How to complete this task: Hand back all records exactly, pictures omitted.

Collected data entries:
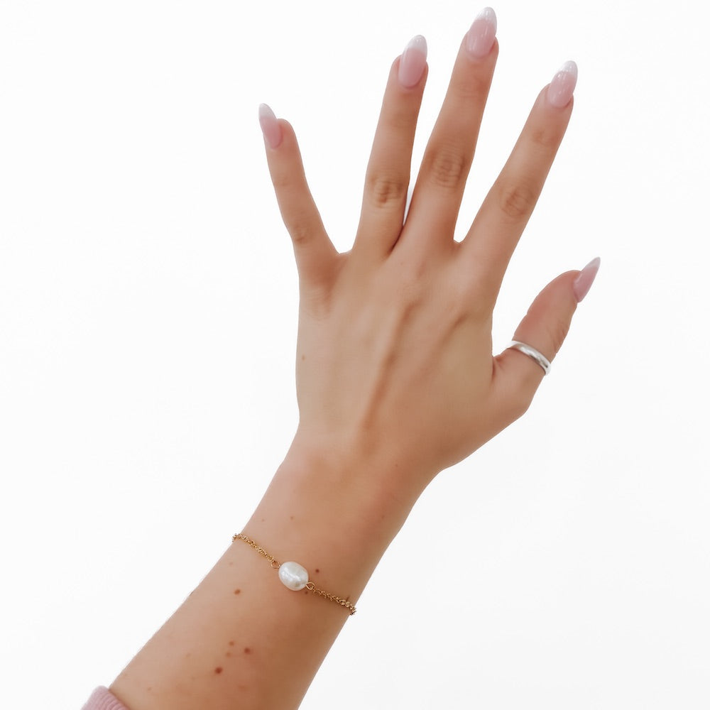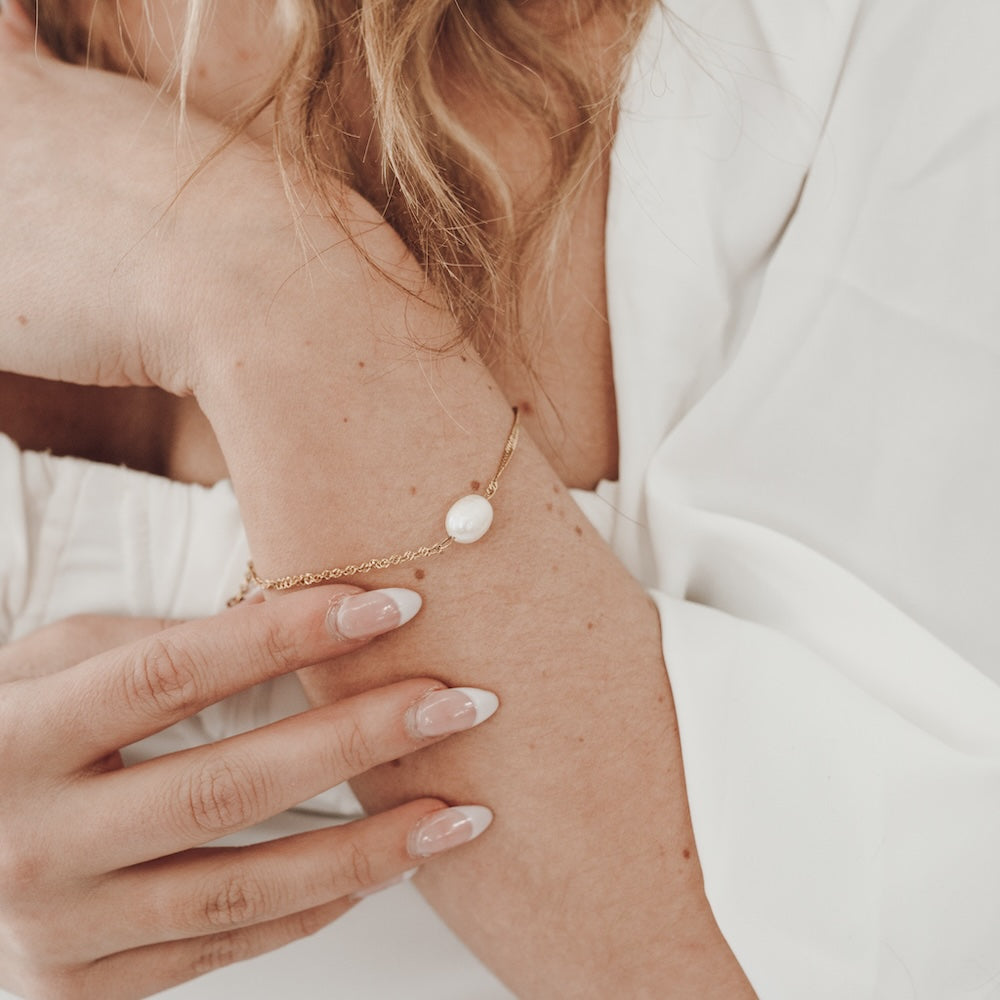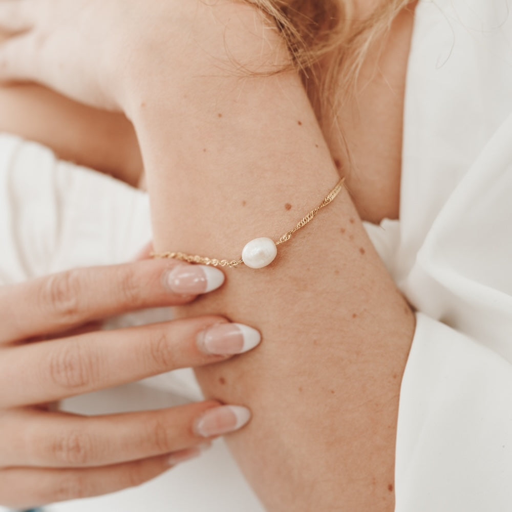 Dive into style with our Under The Sea Twisted Chain Bracelet. This adjustable clasp bracelet features a gold twist chain and a singular pearl charm, perfect for adding a touch of elegance to any outfit. Plus, it's WATERPROOF!
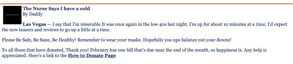 November 11 - March 26, 2021It was February 19, 2021 that we last heard from @Guy Fawkes. He had posted a simple message on the review site noting that he had a cold.
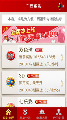 广西彩票客户端由广西福彩官方授权的专业手机彩票投注软件,旨在为广西移动彩民提供可视化界面的投注服务,实现话费快捷买彩票。主要彩种为:双色球、3D、七乐彩、快乐十分、快乐双彩! 应用特色 客户端投注+短信投注(无网络时选择短信投注)、单式+复式投注、单倍+多倍投注、机选(摇一摇就可以机选)+自选投注、追号、查询购买记录、中奖纪录查询等。
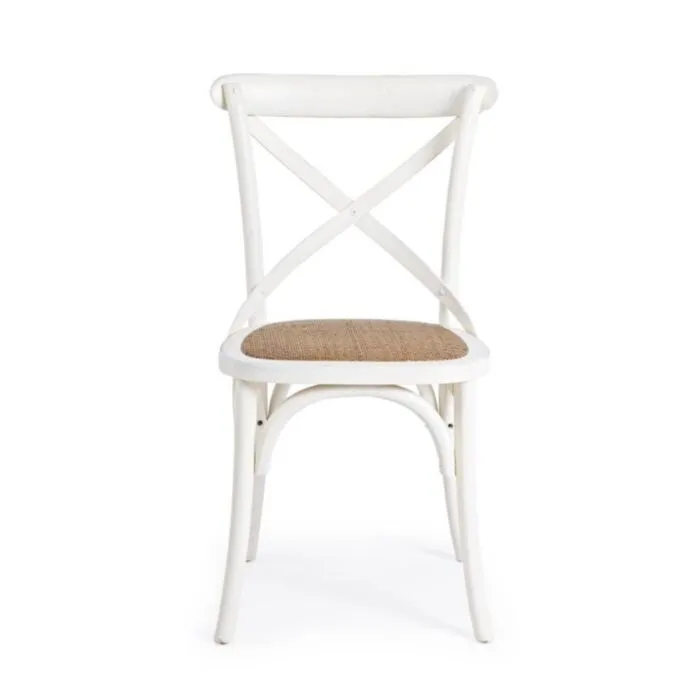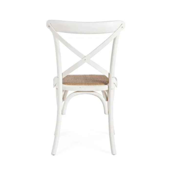 Stol CROSS – bela, je eleganten stol, ki popestri vaš prostor ali okolico. Primeren je tako za jedilnice, kmečke turizme ali opremo gostinskih lokalov. Narejen je iz brestovega lesa, ima podloženo sedišče, kar zagotavlja prijetno sedenje. Oblečen je v naravni ratan.
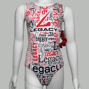 The Legacy Leotard 2025 features custom front printing and a red Mystique back. A matching hair scrunchie is included.
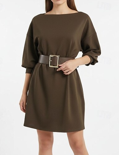 Women's Mini Dress Casual Dress Sheath Dress Elegant Fashion Modern Daily Going out Weekend Regular Fit Plain Long Sleeve Crew Neck Brown Spring Fall Winter
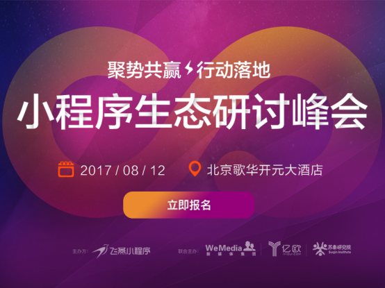 最新消息,2017第一屆小程序生態(tài)研討峰會將于8月12日在北京歌華開元酒店召開。這是由專業(yè)的微信小程序技術辦事商天馬飛燕聯(lián)合WeMedia新媒體集團、億歐平臺、蘇秦會等多家公司共同發(fā)起并主辦的小程序行業(yè)會議,旨在凝聚移動互聯(lián)網相關從業(yè)者和喜好者,研討和共同構建小程序健康發(fā)展生態(tài)鏈。
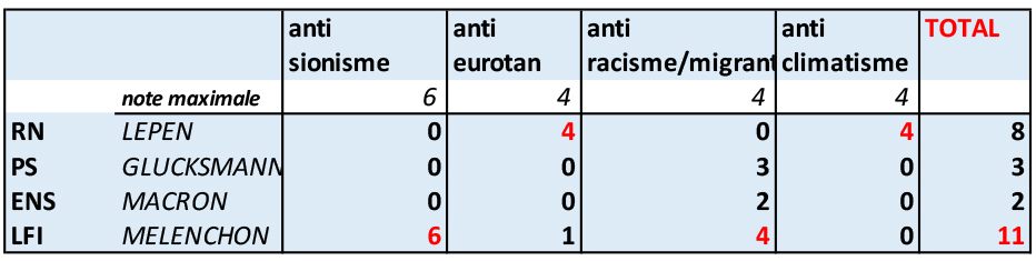 Divergences. Le ski ne se modifie pas en cours de test alors que le politicien peut changer d’avis comme de chemise mais sans vraiment tromper son monde. Alors que les trois catégories utilisées dans le ski test sont de valeur égale, j’ai ici privilégié le facteur dominant, le sionisme noté sur 6 alors que les autres notes sont sur 4.
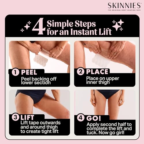 • As Seen on Shark Tank - Over 2 Million Products Sold: With over 2 million units sold and a feature on Shark Tank, Skinnies is the original and trusted name in skin tape for loose skin. When you want results you can see, count on Skinnies Instant Lift Thigh Tape to deliver subtle shaping magic with every application.
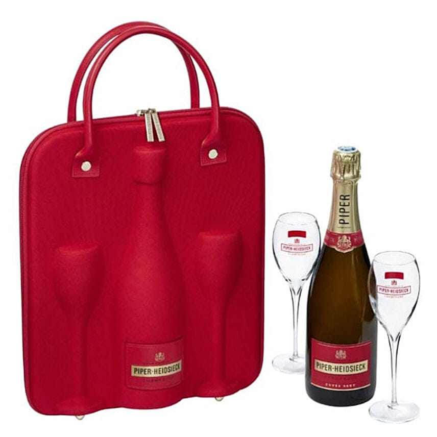 This Champagne teases and allures us with its festive, light-drenched, pale gold shimmer and joyful display of neat, lively bubbles. Notes of almond and fresh hazelnut accompany the precise ascent of its bubbles. It is lively, subtle and light, leaving a deliciously incisive sensation of smoothness, marked by the pureness of fresh pear and apple and a delicate hint of citrus fruits. Travel Case with 2 Champagne Flutes.
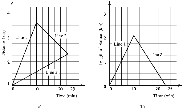 Consider the distance-time diagram shown in Figure 4 plotted for the scenario described in the problem. This diagram is shown here to help the reader understand the problem better; strictly speaking the complete diagram is not necessary for solving the problem. However, an understanding of the physical scenario is of definite help.
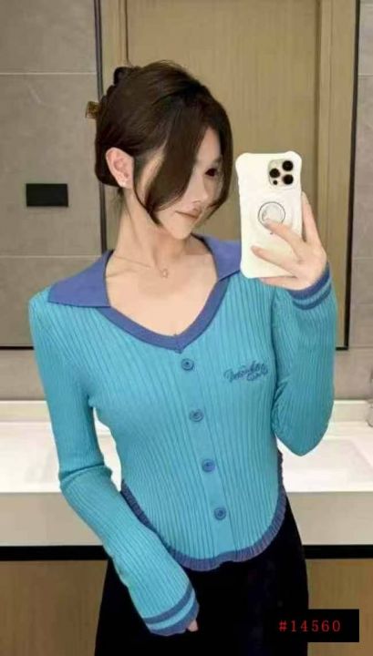春秋新款辣妹性感纯欲风刺绣单排扣针织PoLo领套头毛衣,独立包装,均码面料...
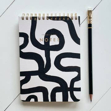 Letterpressed black stars twinkle on this bold spiral-bound notebook. Choose from a variety of page formats for the inside: * Blank: white perforated pages (55 pages) * Graph / lined: white perforated pages with grey 0.2" solid graph on left / grey 0.2" lines on right (55 pages) * Lined / graph: white perforated pages with grey 0.2" lines on left / grey 0.2" solid graph on right (55 pages) * Dotted grid: white perforated pages with grey 0.25" dotted grid (55 pages) Materials: doubled heavy paper for front and back covers; your choice for inside pages (see list above); wire-O spiral binding Size: page size is 6" x 9", overall notebook including spiral is 6.25" x 9" x 0.5" thick Printing method: letterpress
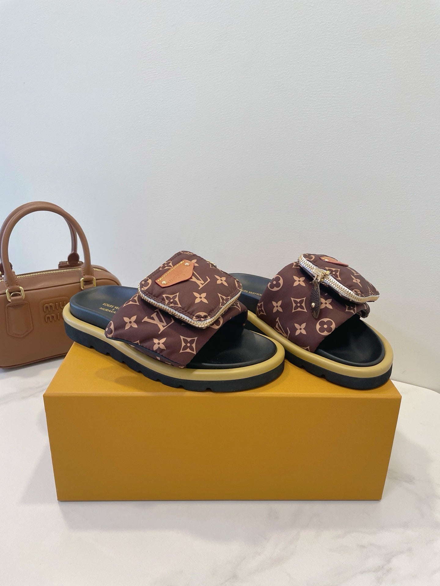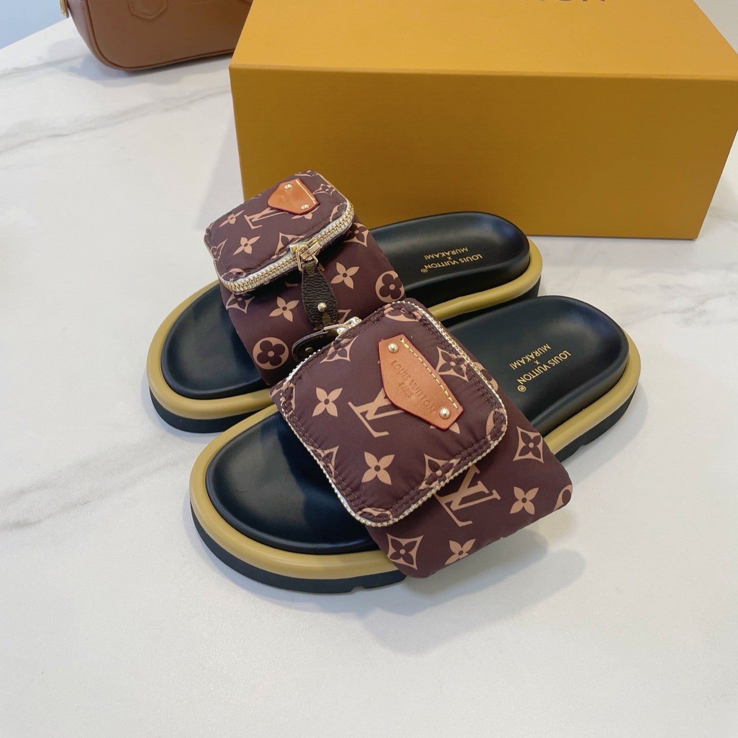 LV x TM Pool Pillow Flat Comfort Mule Brown Monogram Nylon 241325

Answer below:
 Dive into style with our Under The Sea Twisted Chain Bracelet. This adjustable clasp bracelet features a gold twist chain and a singular pearl charm, perfect for adding a touch of elegance to any outfit. Plus, it's WATERPROOF!
 November 11 - March 26, 2021It was February 19, 2021 that we last heard from @Guy Fawkes. He had posted a simple message on the review site noting that he had a cold.
 广西彩票客户端由广西福彩官方授权的专业手机彩票投注软件,旨在为广西移动彩民提供可视化界面的投注服务,实现话费快捷买彩票。主要彩种为:双色球、3D、七乐彩、快乐十分、快乐双彩! 应用特色 客户端投注+短信投注(无网络时选择短信投注)、单式+复式投注、单倍+多倍投注、机选(摇一摇就可以机选)+自选投注、追号、查询购买记录、中奖纪录查询等。
 Stol CROSS – bela, je eleganten stol, ki popestri vaš prostor ali okolico. Primeren je tako za jedilnice, kmečke turizme ali opremo gostinskih lokalov. Narejen je iz brestovega lesa, ima podloženo sedišče, kar zagotavlja prijetno sedenje. Oblečen je v naravni ratan.
 The Legacy Leotard 2025 features custom front printing and a red Mystique back. A matching hair scrunchie is included.
 Women's Mini Dress Casual Dress Sheath Dress Elegant Fashion Modern Daily Going out Weekend Regular Fit Plain Long Sleeve Crew Neck Brown Spring Fall Winter
 最新消息,2017第一屆小程序生態(tài)研討峰會將于8月12日在北京歌華開元酒店召開。這是由專業(yè)的微信小程序技術辦事商天馬飛燕聯(lián)合WeMedia新媒體集團、億歐平臺、蘇秦會等多家公司共同發(fā)起并主辦的小程序行業(yè)會議,旨在凝聚移動互聯(lián)網相關從業(yè)者和喜好者,研討和共同構建小程序健康發(fā)展生態(tài)鏈。
 Divergences. Le ski ne se modifie pas en cours de test alors que le politicien peut changer d’avis comme de chemise mais sans vraiment tromper son monde. Alors que les trois catégories utilisées dans le ski test sont de valeur égale, j’ai ici privilégié le facteur dominant, le sionisme noté sur 6 alors que les autres notes sont sur 4.
 • As Seen on Shark Tank - Over 2 Million Products Sold: With over 2 million units sold and a feature on Shark Tank, Skinnies is the original and trusted name in skin tape for loose skin. When you want results you can see, count on Skinnies Instant Lift Thigh Tape to deliver subtle shaping magic with every application.
 This Champagne teases and allures us with its festive, light-drenched, pale gold shimmer and joyful display of neat, lively bubbles. Notes of almond and fresh hazelnut accompany the precise ascent of its bubbles. It is lively, subtle and light, leaving a deliciously incisive sensation of smoothness, marked by the pureness of fresh pear and apple and a delicate hint of citrus fruits. Travel Case with 2 Champagne Flutes.
 Consider the distance-time diagram shown in Figure 4 plotted for the scenario described in the problem. This diagram is shown here to help the reader understand the problem better; strictly speaking the complete diagram is not necessary for solving the problem. However, an understanding of the physical scenario is of definite help.
春秋新款辣妹性感纯欲风刺绣单排扣针织PoLo领套头毛衣,独立包装,均码面料...
 Letterpressed black stars twinkle on this bold spiral-bound notebook. Choose from a variety of page formats for the inside: * Blank: white perforated pages (55 pages) * Graph / lined: white perforated pages with grey 0.2" solid graph on left / grey 0.2" lines on right (55 pages) * Lined / graph: white perforated pages with grey 0.2" lines on left / grey 0.2" solid graph on right (55 pages) * Dotted grid: white perforated pages with grey 0.25" dotted grid (55 pages) Materials: doubled heavy paper for front and back covers; your choice for inside pages (see list above); wire-O spiral binding Size: page size is 6" x 9", overall notebook including spiral is 6.25" x 9" x 0.5" thick Printing method: letterpress
 LV x TM Pool Pillow Flat Comfort Mule Brown Monogram Nylon 241325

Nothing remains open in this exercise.